我武者羅にやれと肩を叩かれた気がして振り返るが、暗いアトリエの入り口があるだけだった


「よし!」


両の太ももを両手でパンと叩き、立ち上がり封筒、鍵、手紙を持って外に出る。


(ありがとうございました)

お辞儀をして、玄関に鍵をして帰宅した。


連休などに戻って来て、掃除をした。

寝室など入ったことのない場所は少し気が引けたが、どこも綺麗に片付けてあった。

少しづつ、不要そうなものを整理したが、アトリエは触らずにいた


=====


10年後、大学は卒業し相続した家に住むことにした。大学まで行ったしやるだけやったが結局全くそれを活かさない仕事についた。

野生動物専門の写真家だ、と言っても世間的には自称とつくやつで、実質フリーターである。言い訳のしようもない。

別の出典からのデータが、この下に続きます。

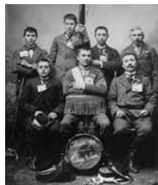
Les conscrits de Saint Hilaire en 1901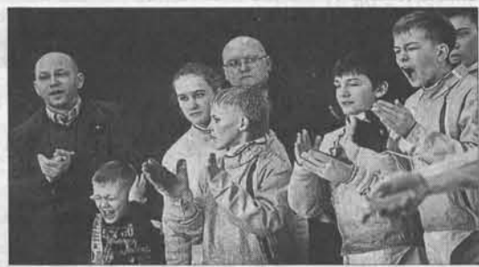
Зрители кричали так, что уши закладывало.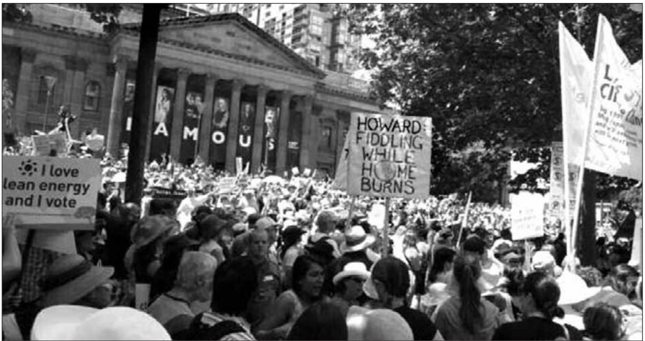
Πάνω από 100.000 διαδηλωτές βγήκαν στους δρόμους στην Αυστραλία στις 11 Νοέμβρη απαιτώντας μέτρα ενάντια στην κλιματική αλλαγή

το μέγεθος του κινδύνου εξ'ατίας της κλιματικής αλλαγής, σήμερα έχουν καταλήξει να προτείνουν την καταναλωτική αυτοσυγκράτηση του καθενός σαν άτομο, την «πράσινη αγορά» και «πράσινη φορολογία», χωρίς να αναφέρονται στον τρόπο και τις προτεραιότητες οργάνωσης του συστήματος.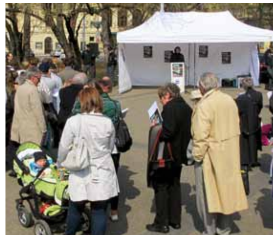
Čekání na čtení jmen obětí šoa

Na Jom ha-šoa (Den holocaustu podle židovského kalendáře) každý rok pořádáme spolu s Institutem Tereziánské iniciativy veřejné čtení jmen obětí holocaustu na pražském náměstí Míru. V roce 2012 připadl tento den na 18. dubna a k veřejné připomínce obětí šoa se připojily nejen významné osobnosti veřejného života, ale i desítky obyčejných lidí.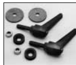
L4.73746.E Stirrup mounting set man. Bügelbefestigungs-Set man.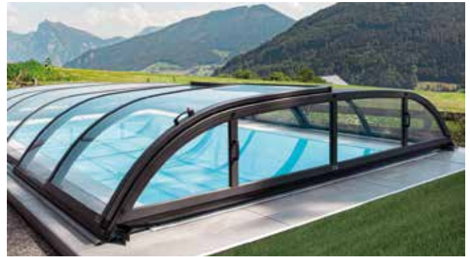
Bei einem Überlaufpool mit Infinity-Effekt reicht der Wasserspiegel bis zur Kante und läuft gleichmäßig über den Beckenrand in die ihn umlaufende Rinne. Auch einen solchen Pool gibt es als Komplett-Set. (likns) Experten empfehlen, die Poolabdeckung von vornherein mit einzuplanen. (rechts

mit der Umgebung eine Einheit und vermittelt beim Schwimmen ein Gefühl der Weite. Zudem bietet er eine bessere Wasserzirkulation bei geringerem Reinigungsaufwand.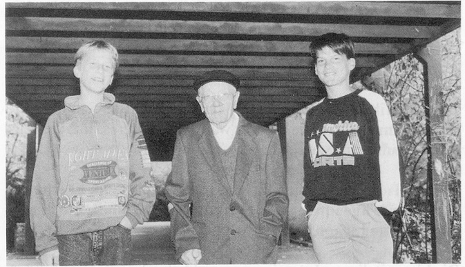
Kontakt der Generationen

Es hat mich wirklich erstaunt, wie gut sie sich an die Sachen erinnern konnte, die wir gefagt hatten. Manchmal hat sie auch was verdreht oder eine falsche Antwort gegeben. Aber das passiert wahrscheinlich jedem ab und zu. Zum Beispiel: Als wir sie fragten, wieviele Kinder sie hat, zählte sie uns zuerst ihre Enkelkinder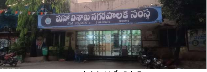
గాజువాక, మార్చి 14, మేజర్ స్టూన్స్

-వాటాలు పంచుకుంటున్న టి బి బి టి.-వార్డులు పంచుకుంటూ దోచుకుంటున్న వైసె-సచివాలయం ప్లానింగ్ సెక్టరీ తో చేతులు కలిపిన టి పి బి టి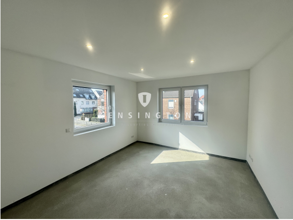
OG | Schlafzimmer I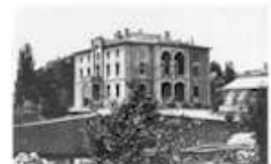
Die Villa Feer 1880

Bis 1895 / 96 wurden je ein Schulgebäude für die Kantonsschule (heute Alte Kantonsschule) und für das Gewerbemuseum erstellt; die bestehende Villa Feer wurde in den Baukörper des Gewerbemuseums integriert. Die ursprünglich konzipierte Anlage wurde allerdings erheblich reduziert. Immerhin konnte nun die gewerbliche Bildung, die bis anhin an verschiedenen Orten seit 1820 mehrheitlich in Form von Kursen stattgefunden hatte, konzentriert werden.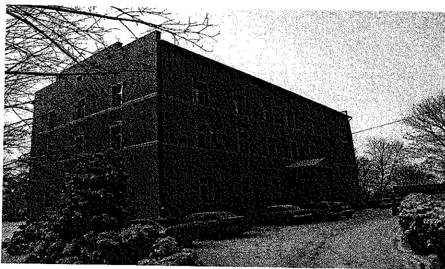
Zdjęcie nr 11. Placówka Powiatowego Domu Dziecka w Gorzyczkach

Działalność placówki może być uzupełniana pracą wolontariuszy. Dodatkowo proces wychowawczy wspomagany jest przez rodziny zaprzyjaźnione. Placówka w Gorzyczkach posiada wyspecjalizowanych trenerów programu „PRIDE Rodzinna opieka zastępcza adopcja”, który ma na celu pozyskiwanie i szkolenie kandydatów na rodziców zastępczych i adopcyjnych dla dzieci pozbawionych czasowo lub trwale opieki rodziców biologicznych. Szkolenia te odbywały się w zależności od potrzeb - nie rzadziej jednak niż raz w roku aktualnie jednak w związku z działalnością Powiatowego Ośrodka Adopcyjno-Opiekuńczego w Gorzyczkach szkolenia realizowane są w ramach zakresu działalności tamtejszego ośrodka. W placówce działa stały Zespół ds. okresowej oceny sytuacji dziecka, który analizuje i ocenia na bieżąco sytuację życiową wychowanka oraz formułuje na piśmie wniosek dotyczący zasadności dalszego pobytu wychowanka w placówce.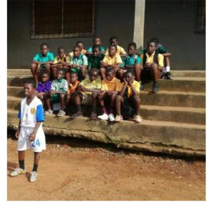
jongeren in Kitase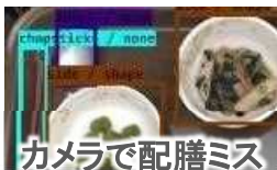
カメラで配膳ミス をチェック！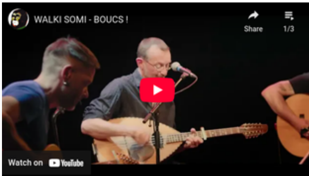
Concert de création La Cité de la musique de Marseille Mars 2024

友人や取引先から紹介されたジャンル問わずの仕事をこなしながら日本中、世界中の自然の中で動物の生態を写真やビデオに収めている。

なので家にいるのは年の半分もない。


そして、未だにアトリエには手をつけていない

あの話を聞いてから、あの彼岸花の絵が怖いのだ、正確には裏側が怖いのだ、壁の彼岸花のパネルを外したら、恐ろしい絵が現れるのではないかと、そんなはずはないのだが、ただ同じ色の壁があるだけだろう。

床に雑に積まれたキャンパスも上から下まで彼岸花なのだろう、見たことを後悔するような絵などはないはずだ。


色々な白、色々な赤で描かれた彼岸花の絵

それだけのはずだが、いつか自分が成熟し何が出てきても受け止められる時が来たら、全てのパネルを綺麗に壁に並べてみようと思う。